Dataset entries:
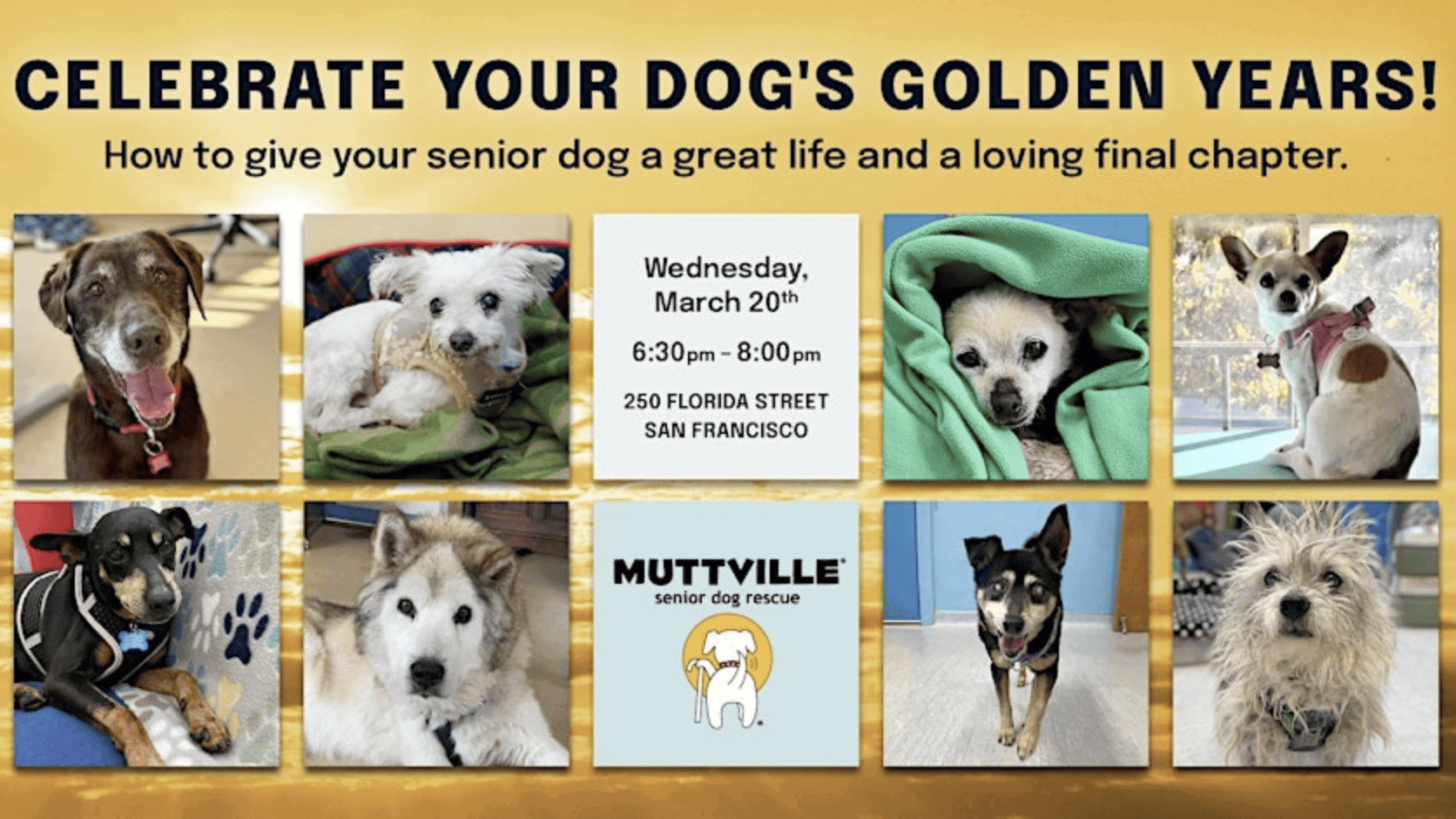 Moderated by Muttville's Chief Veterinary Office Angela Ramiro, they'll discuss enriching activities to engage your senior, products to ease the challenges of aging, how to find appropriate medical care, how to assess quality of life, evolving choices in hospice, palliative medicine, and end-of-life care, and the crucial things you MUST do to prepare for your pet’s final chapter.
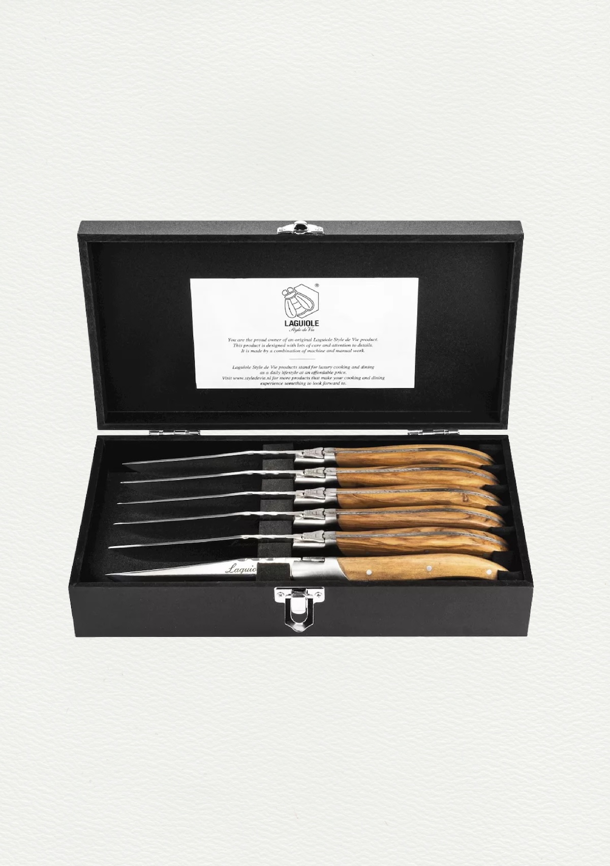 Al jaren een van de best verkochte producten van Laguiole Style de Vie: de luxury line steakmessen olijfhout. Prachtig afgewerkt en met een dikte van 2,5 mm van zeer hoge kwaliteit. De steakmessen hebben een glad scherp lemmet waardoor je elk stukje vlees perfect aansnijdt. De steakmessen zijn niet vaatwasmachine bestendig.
...
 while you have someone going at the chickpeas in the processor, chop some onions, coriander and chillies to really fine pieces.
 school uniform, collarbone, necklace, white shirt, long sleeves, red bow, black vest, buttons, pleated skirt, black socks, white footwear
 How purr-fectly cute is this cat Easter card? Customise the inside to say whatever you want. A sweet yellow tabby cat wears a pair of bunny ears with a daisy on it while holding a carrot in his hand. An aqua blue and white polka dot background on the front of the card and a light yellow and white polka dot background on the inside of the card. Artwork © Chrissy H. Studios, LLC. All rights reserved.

Problem statement:
If a line in the listing holds the word "while", copy it out.

Result below:
 while you have someone going at the chickpeas in the processor, chop some onions, coriander and chillies to really fine pieces.
 How purr-fectly cute is this cat Easter card? Customise the inside to say whatever you want. A sweet yellow tabby cat wears a pair of bunny ears with a daisy on it while holding a carrot in his hand. An aqua blue and white polka dot background on the front of the card and a light yellow and white polka dot background on the inside of the card. Artwork © Chrissy H. Studios, LLC. All rights reserved.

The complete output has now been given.